The history before scanners
Up until recent years the determination of structural safety conditions were made by measuring discrete targets or surface marks at large intervals, by conventional surveying techniques. This methodology provides only a discrete sample instead of a sophisticated mathematical model of the ground surface or dam structure. Fortunately the development of 3D scanners over the past 10 years has achieved a new level of both accuracy and density of survey data. Whilst 3D scanning does not replace conventional survey methods for monitoring it creates a far more precise global definition of structures such as dams, buildings, bridges and the like. New scanning techniques mean new data can be captured 50 fold compared to the old days where they were picked up point by point.
Fortunately, the development of 3D scanners over the past 10 years has achieved a new level of both accuracy and density of survey data.
Scanners are not new, just underutilized
This is not new technology, in fact it has been available for around 10 years now, but its full capacity hasn’t yet been realised by the architectural, engineering, construction and surveying professions. Just like the smart phones of 2007 look and behave very different than those of today, today’s scanners are very different from those a decade ago too. Advances in technology have overcome previous doubts over accuracy, range and capacity to handle large datasets. More good news is that enhancements in these areas have made these highly intelligent and informative systems cost effective in today’s competitive market.

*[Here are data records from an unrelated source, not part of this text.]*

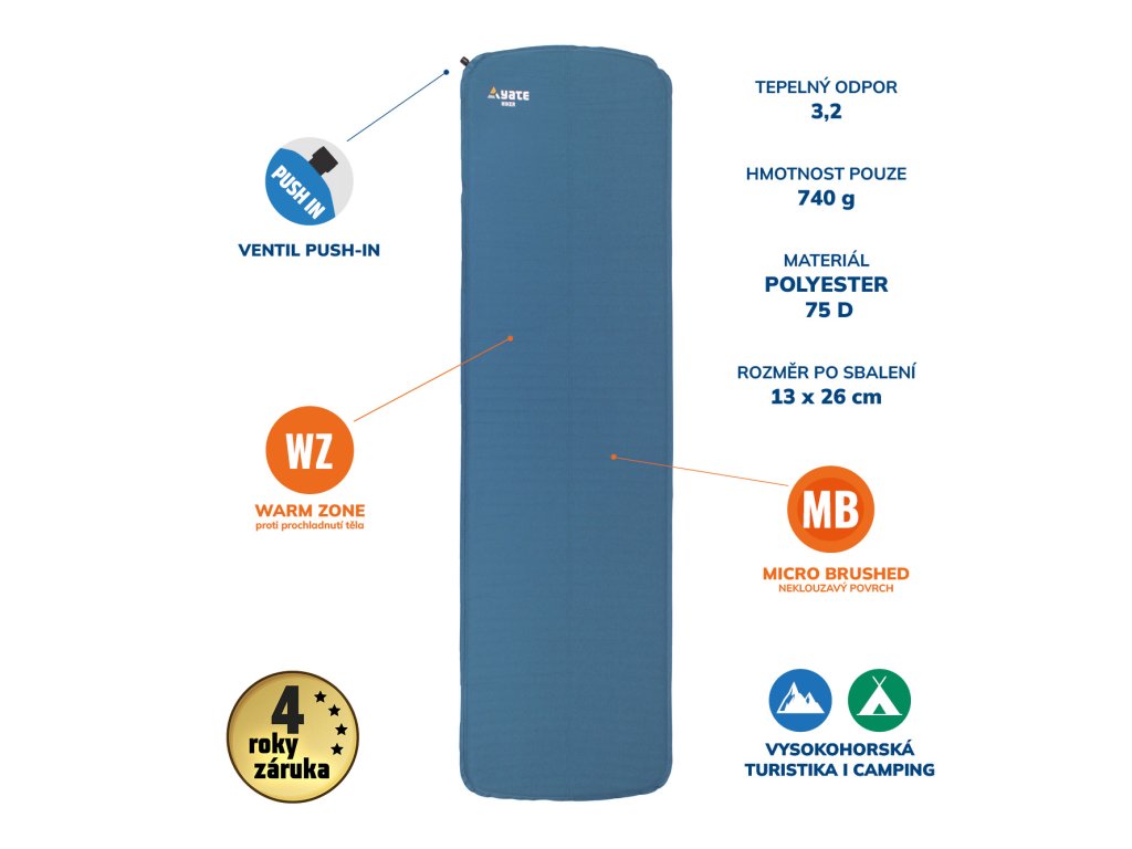 YATE HIKER 2,5 modrá/šedá Samonafukovací karimatka
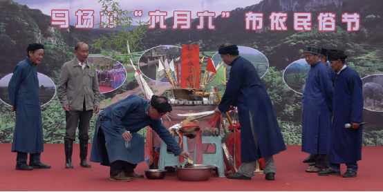 祭祀活動由寨老主持。牛頭、活雞等祭品供于案前,寨老穿著布依族的藍(lán)袍,誦頌著古老神秘的經(jīng)文,黝黑的臉上寫滿了對祖先、神靈的虔誠。而其他幾位德高望重的寨中老人,這時便協(xié)力殺了雞,人們用雞血淋紙旗插于火盆中,以火盆代替稻田,意為雄雞吃盡蝗蟲,糧食豐收,馬馱不盡。
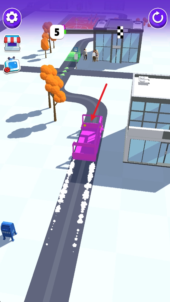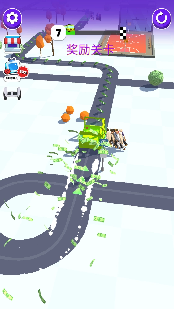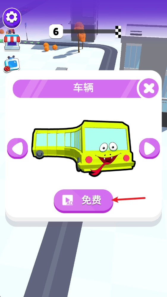 解锁后,在关卡开始前,点击左侧的汽车图标,在这里可以通过观看广告获取新车。
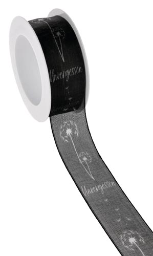 Gyászszalag- 'Unvergessen' felirattal, fekete, 40 mm x 15 m
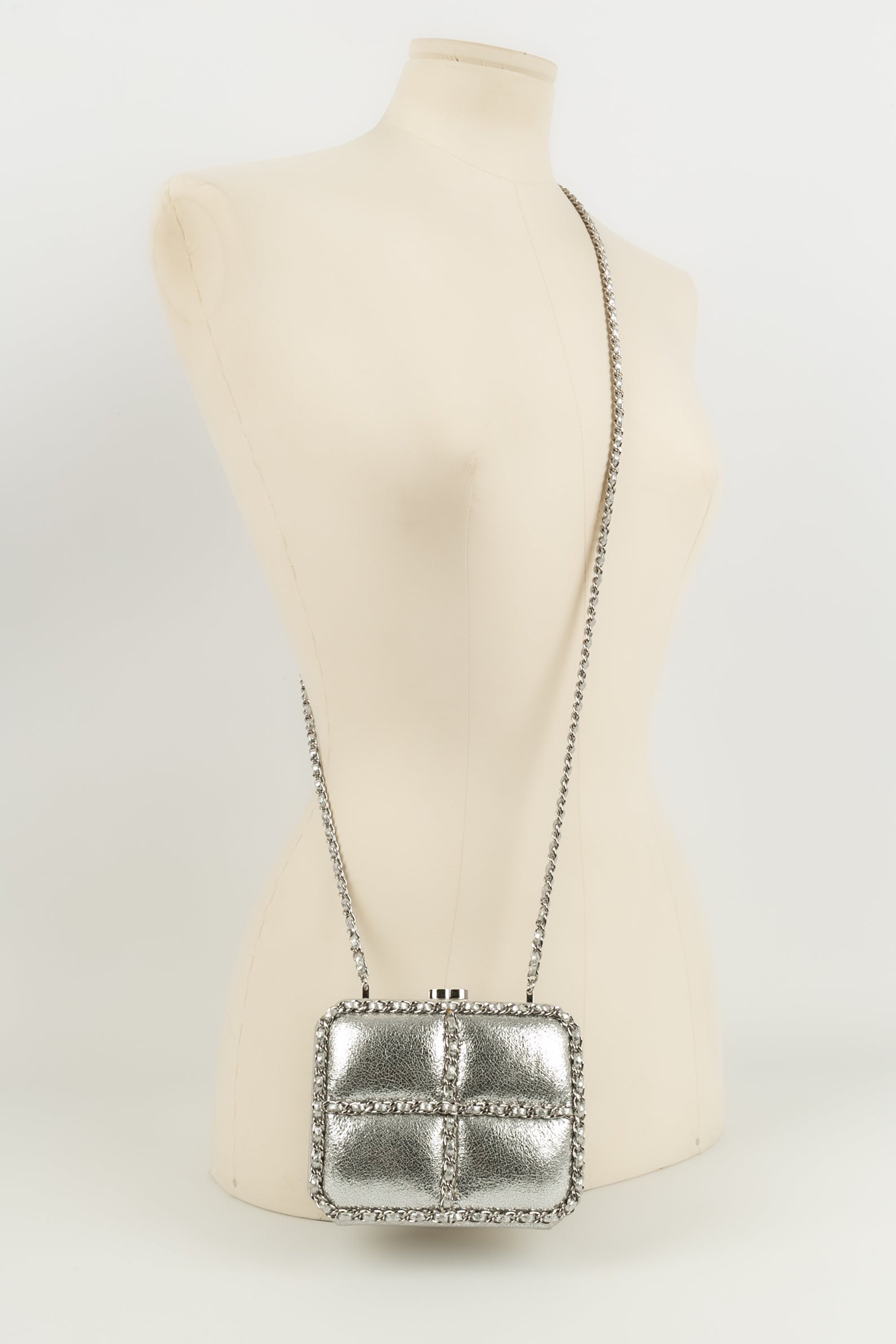 CHANEL -(Made in Italy) Sac à bandoulière en cuir et métal argenté. Collection 2011.
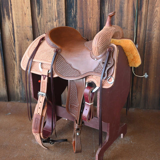 This used 14" Jeff Smith Barrel saddle comes in a heavy oil floral tooling with a hard seat. For more information call a saddle salesman today at 8...
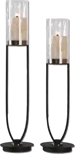 Matte black, open design iron work with coffee bronze details, and clear water glass globes, make up the set of 2 Gaylark candleholders. Sizes Short- 7.25x27, Tall- 7.25x30.5.
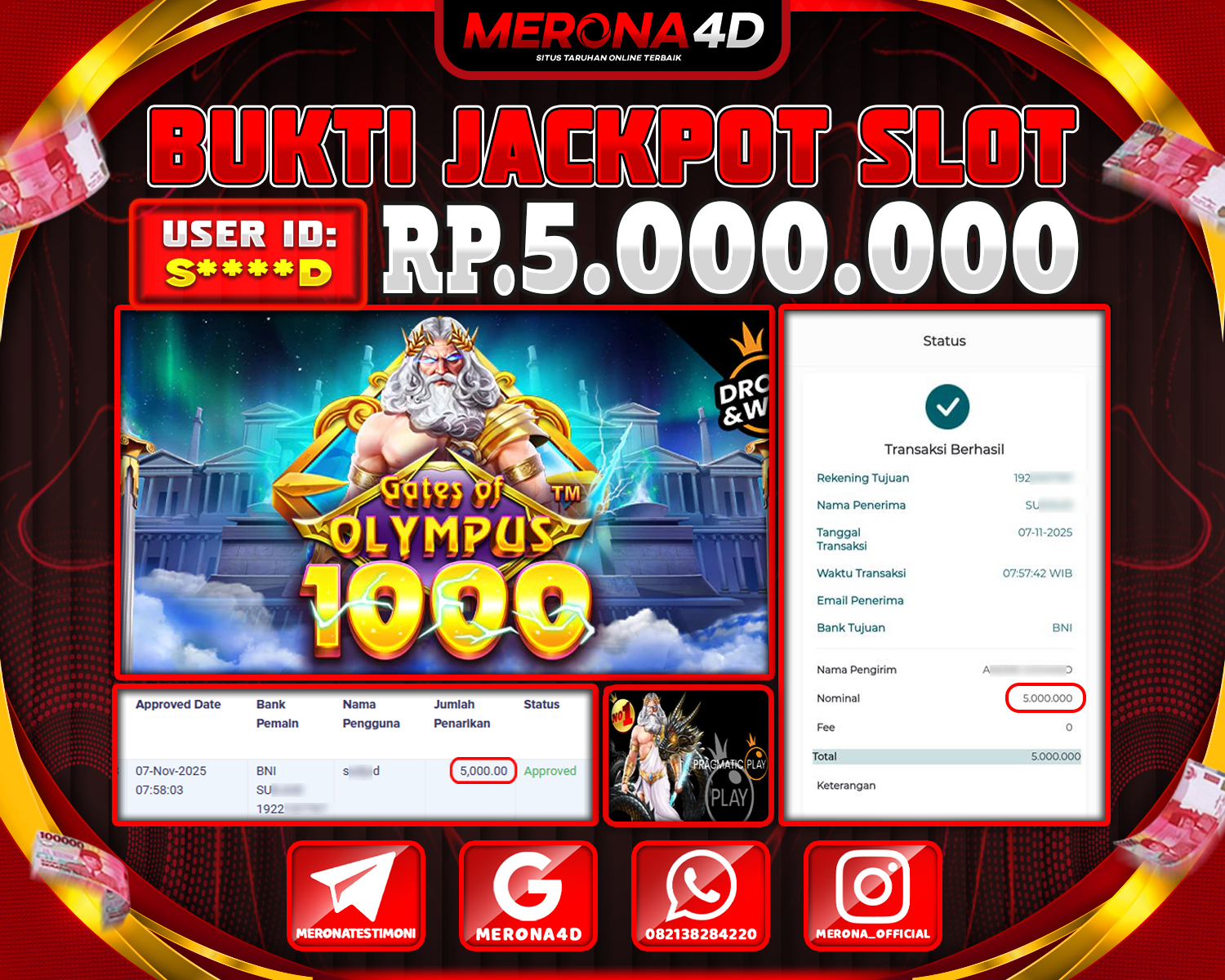 Selamat Kepada Member MERONA4D Sβ­‘οΏ½***οΏ½β­‘D Telah Jackpot Di GATES OF OLYMPUS 1000
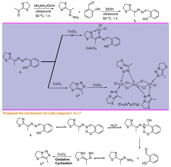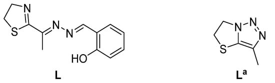 Structure of the presented ligands 1-(((4,5-dihydrothiazol-2-yl)ethylidene) hydrazone)methyl)phenol, L, and 3-methyl-5,6-dihydrothiazolo[3,2-c][1,2,3]triazole, La.
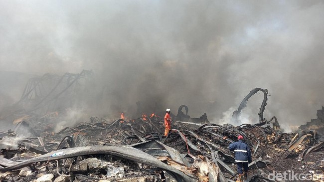 Sementara itu, komandan pos Damkar Pakuhaji Azhari Almahi mengatakan titik api kecil yang masih menyala ini tertimbun reruntuhan gedung, sehingga perlu dilakukan penyisiran.

What makes 3D scanners so special?
3D scanners represent the latest in progressive dam engineering. They are a model-based (point cloud) process that provides insight to help you plan, design, construct and manage buildings and infrastructure. The advantage is that point clouds provide a high level of detail which reduces calculated guesswork and means you can make better design decisions. Accuracy is substantially improved from the design to the construction phase. 3D scanners improve efficiency and meet expectations for service quality. This streamlined planning and design delivers higher-quality projects.The capacity of the scanner enables the complete separation of the ‘data gathering’ function and the ‘data interpretation’ tasks. The process of collecting and interpreting the data on a regular basis is now seamless, with proven and accurate results.
How does it compare? More advantages of 3D Scanning
Although other survey and CAD based software can be used to measure any number of dimensions of a structure, either globally or in focused areas of interest, 3D analysis software allows us to compare surveys undertaken at different times and easily recognise areas of deformation by the use of deviation colour maps. This leads to the early identification and treatment of cracks, slides, the need for concrete repair, or the ability to address erosion and seepage. 3D scanners support safety management as the speed of issues detection is accelerated and situations can be rectified earlier.
How is SMEC using 3D scanners?
At SMEC, we provide our clients with access to this state of the art spatial data solution. The capacity of our 3D scanner and associated software allows for viewing of objects overlayed with rectified imagery (collected simultaneously with the scan). The resulting image is geometrically correct and of sufficient definition to assist in the examination of point cloud data and surface models.
Without a doubt 3D scanners offer a greater level of data collection to reduce maintenance and insurance costs for our clients, and provide a higher standard of data collection, monitoring, condition assessment and emergency planning. SMEC has at its disposal all software necessary to undertake these functions across its surveying and engineering service lines.